● Data entries
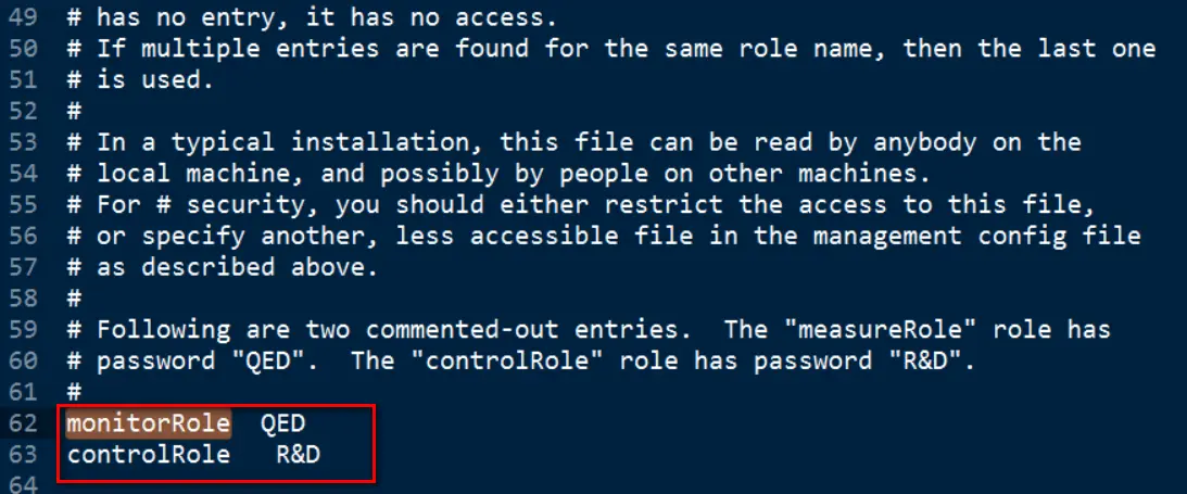and remove the # in front of monitorRole and controlRole to make both take effective. Once done, the content of this file looks like below:
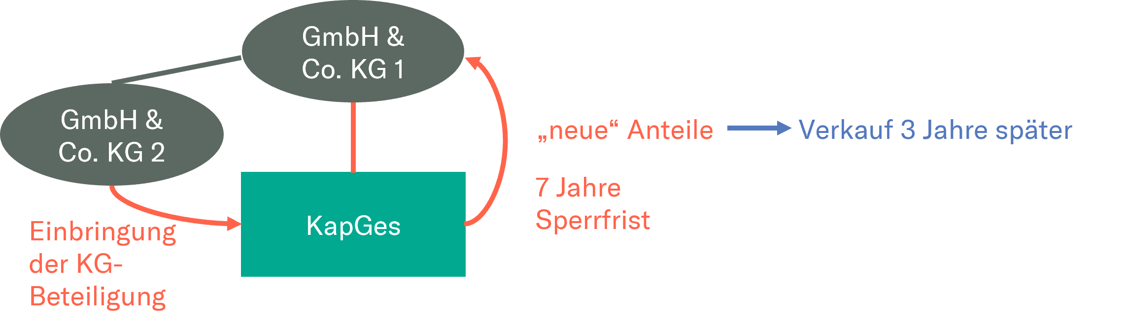 Die Einbringende, die GmbH & Co. KG 1, erhält für die steuerneutrale Einbringung der 100%-Kommanditbeteiligung an der GmbH & Co. KG 2 in die Kapitalgesellschaft (KapGes) neue Anteile an dieser. Drei Jahre später verkauft die GmbH & Co. KG 1 alle Anteile an der KapGes.
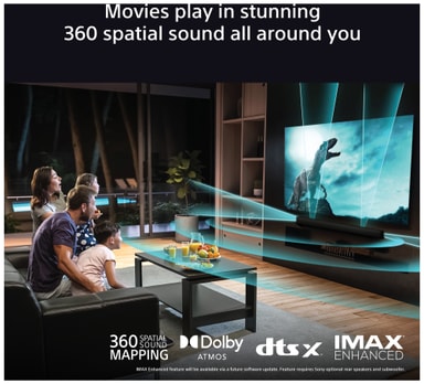 BRAVIA Theatre Bar 8 giver dig den ultimative surround sound oplevelse, da Sonys 360 Spatial Sound Mapping skaber fantomhøjttalere omkring dig. Dolby Atmos / DTS:X bringer den autentiske biograflyd ind i dit hjem.
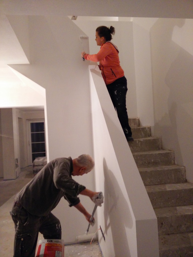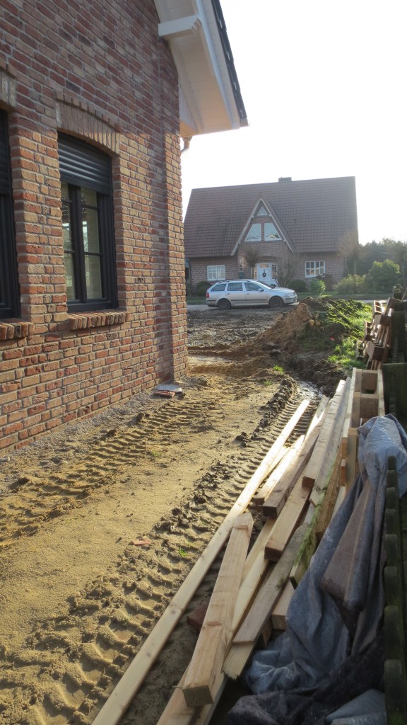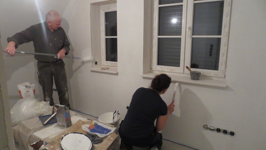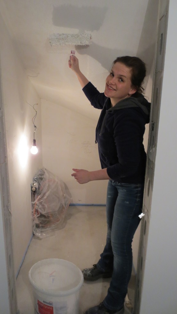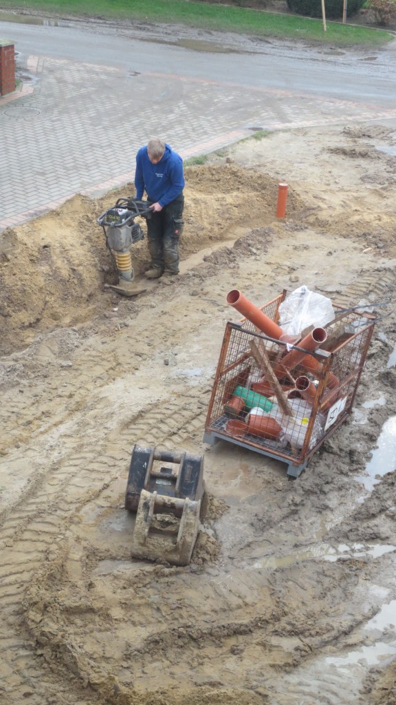 Wie geplant kommen wir zwischen den Jahren gut voran. Nachdem letzte Woche unsere Abflüsse an die Kanalisation angeschlossen wurden, hat es erst einmal ziemlich gemüffelt im Haus. Wir haben die undichte Stelle an einem der Abflussrohre aber schnell entdecken können. Nun fließt auch das Regenwasser nicht mehr am Haus in den Sand, sondern wird in die Ellenbäke geleitet. Für den Pflasterer im nächsten Jahr ist damit alles bereit. Aber auch innen kommen wir gut voran. Wände schleifen, Löcher spachteln, Abkleben und viel Streichen – mit Heinz Unterstützung und der weltbesten Farbe klappt das entsprechend zügig – wobei die Kleinigkeiten ganz schön aufhalten können. Oben sind wir aber bereits komplett weiß und bis die Fliesenleger nächste Woche wieder anrücken, sollten wir mit allem durch sein. Die Tage bis zum Einzug sind also gezählt. Wir freuen uns riesig auf das nächste Jahr und wünschen allen einen guten Rutsch in 2016.
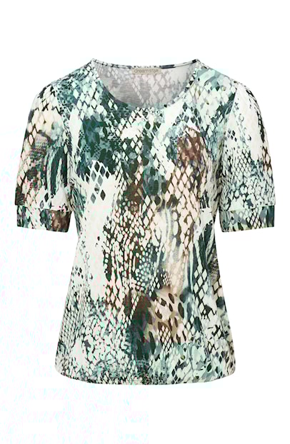 Breng een frisse, natuurlijke look in uw kledingkast met deze Dreamstar blouson Carino in een prachtige jade groene mix. Het verfijnde slangenpatroon combineert verschillende groentinten met wit, wat zorgt voor een levendig en modern effect. Dit shirt is de ideale keuze voor dames die houden van een trendy print in een kleur die uw gezicht direct laat stralen.
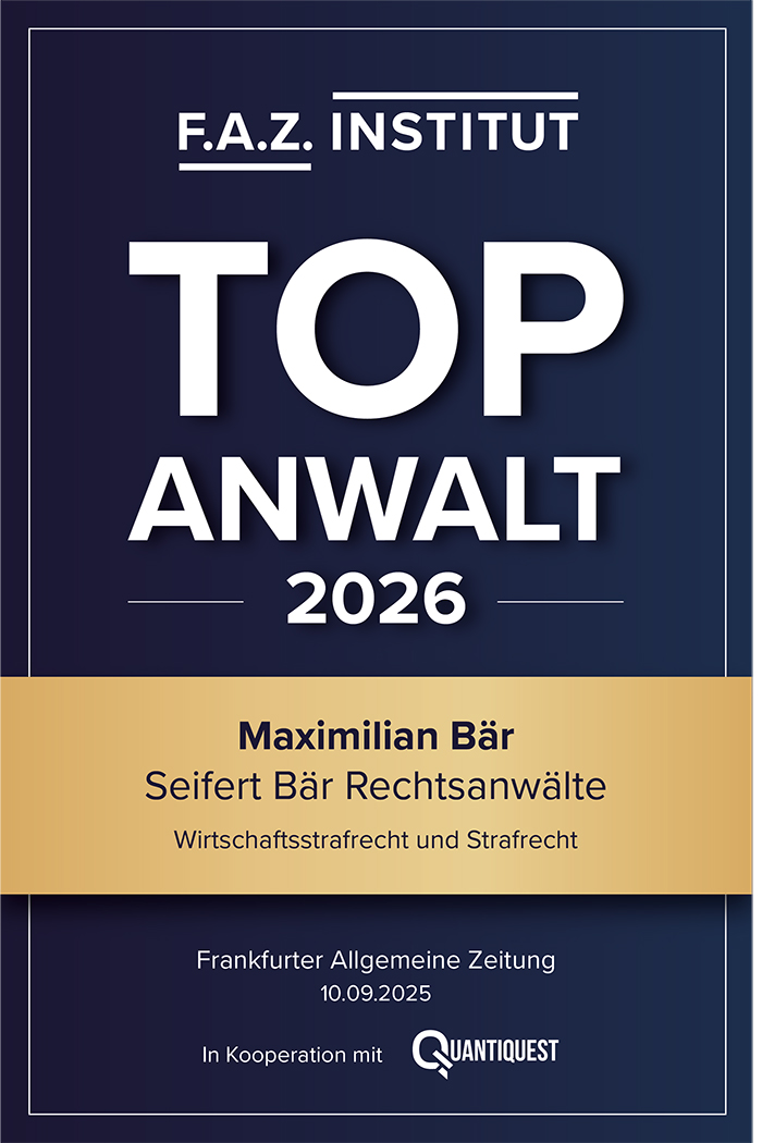 Seifert Bär Rechtsanwälte wurde vom Handelsblatt im Ranking „Deutschlands beste Kanzleien 2024 und 2025“ in der Kategorie Wirtschaftsstrafrecht ausgezeichnet und zählt damit zu den führenden Kanzleien in Deutschland in diesem Bereich.

● TASK TO COMPLETE
Reproduce only the lines from the first line of the entries through the line containing "Wie geplant kommen", exactly and with both ends kept. Omit the pictures.

● ANSWER TO THIS EXERCISE
and remove the # in front of monitorRole and controlRole to make both take effective. Once done, the content of this file looks like below:
 Die Einbringende, die GmbH & Co. KG 1, erhält für die steuerneutrale Einbringung der 100%-Kommanditbeteiligung an der GmbH & Co. KG 2 in die Kapitalgesellschaft (KapGes) neue Anteile an dieser. Drei Jahre später verkauft die GmbH & Co. KG 1 alle Anteile an der KapGes.
 BRAVIA Theatre Bar 8 giver dig den ultimative surround sound oplevelse, da Sonys 360 Spatial Sound Mapping skaber fantomhøjttalere omkring dig. Dolby Atmos / DTS:X bringer den autentiske biograflyd ind i dit hjem.
 Wie geplant kommen wir zwischen den Jahren gut voran. Nachdem letzte Woche unsere Abflüsse an die Kanalisation angeschlossen wurden, hat es erst einmal ziemlich gemüffelt im Haus. Wir haben die undichte Stelle an einem der Abflussrohre aber schnell entdecken können. Nun fließt auch das Regenwasser nicht mehr am Haus in den Sand, sondern wird in die Ellenbäke geleitet. Für den Pflasterer im nächsten Jahr ist damit alles bereit. Aber auch innen kommen wir gut voran. Wände schleifen, Löcher spachteln, Abkleben und viel Streichen – mit Heinz Unterstützung und der weltbesten Farbe klappt das entsprechend zügig – wobei die Kleinigkeiten ganz schön aufhalten können. Oben sind wir aber bereits komplett weiß und bis die Fliesenleger nächste Woche wieder anrücken, sollten wir mit allem durch sein. Die Tage bis zum Einzug sind also gezählt. Wir freuen uns riesig auf das nächste Jahr und wünschen allen einen guten Rutsch in 2016.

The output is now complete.